Experimental results

The proposed algorithm for KFE is implemented using OpenCV with C++. KFE, using the proposed algorithm, was assessed on video generated from the Mall18,19, on videos from surveillance cameras of our campus, user-generated videos, VSUMM, SumMe dataset, and videos from the Internet. Besides varied resolutions, the algorithm was assessed on over 275 videos of varying lengths, in the range of (98 to 8044) KF. The initial population size, dynamically provided by the user, was appraised with more than 1000 chromosomes. Doing so stated that the fittest chromosomes after generations were chosen from numerous chromosomes rather than barely a few. Testing was performed with MaxGen varying from (10 to 110) the maximum number of generations. The convergence was observed to be better when the algorithm was run for more than 90 generations; hence, the proposed algorithm was made to run for 100 generations for each selected video.

A video from the campus surveillance camera at Amrita Vishwa Vidyapeetham University, Coimbatore, Tamil Nadu, India, consists of 237 KF, each with a resolution of 960 × 576, captured at a rate of 25 KF per second, and the parameters selected for the analysis, along with their respective values, are provided in Table 2.

Table 2 Parameters for a video comprising 237 KF from our campus surveillance camera.

The size of the population is selected to be 1000. Therefore, 1000 chromosomes, each of size 237 bits, were generated for the video. The value of ‘r’ was chosen to be 10%. Therefore, 10% of 237 (i.e., T = 23) random numbers were generated for each chromosome. The bits corresponding to those random numbers were set as 1s, and others as 0s. Thus, 1000 chromosomes, each constituted of 237 bits, with 23 bits as 1s and the rest as 0s, are generated; one of the chromosomes is shown in Fig. 10. The frames corresponding to 1s in the chromosome shown in Fig. 10 are depicted in Fig. 11.

Fig. 10
figure 10

A chromosome corresponding to the video from the surveillance camera.

Fig. 11
figure 11

Frames corresponding to the chromosome in Fig. 10.

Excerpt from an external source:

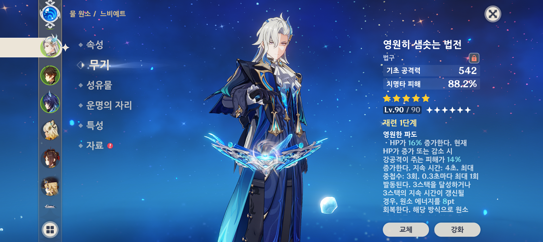 느비예트 무기의 경우 두말할 것 없이 전용무기인 '영원히 샘솟는 법전'이 가장 좋지만 다른 대안은 4성 무기로 '제사의 옥', '황금 호박 프로토타입', '푸른 문양 뿔잔'인데 개인적으로 모두 쓰보니 전용무기를 제외하면 '제사의 옥'이 가장 좋다고 봅니다.

The FF was evaluated for each chromosome using FF (P); the Top-2 fittest chromosomes were selected as parents. Crossover was applied for the fittest chromosomes, and bit flip mutation was applied to the rest of the chromosomes. Selection of the Survivor was performed punctuated by the tenet of Elitism. Therefore, the Top-2 fittest of the current generation, recombined children from the fittest chromosomes, and the mutated chromosomes from the current generation were treated as the population for the next generation. This was continued for the next 100 generations, and at the end of 100 generations, the fittest chromosome is represented as KF using Proposed_GA (P, MaxGen) with P as 1000 and MaxGen as 100. Figure 12 shows the KF generated for the video.

Fig. 12
figure 12

The KF for the video corresponding to Fig. 10.

For a user-generated video with 435 KF, each with a resolution of 640 × 480 and being captured at a rate of 29 frames/sec, the parameters selected with values are given in Table 3. Figure 13 shows the KF generated after 100 generations for the video.

Table 3 Parameters for user-generated video comprising 435 frames.
Fig. 13
figure 13

The KF for a user-generated video.

Figure 14 shows KF generated after 100 generations for the video referenced in Fig. 6 with 98 KF, where each frame has a resolution of 640 × 480, captured at a rate of 10 frames/sec. The parameters chosen with values are given in Table 4.

Fig. 14
figure 14

The KF for mall dataset video with 98 KF.

Table 4 Parameters for mall dataset video comprising 98 frames.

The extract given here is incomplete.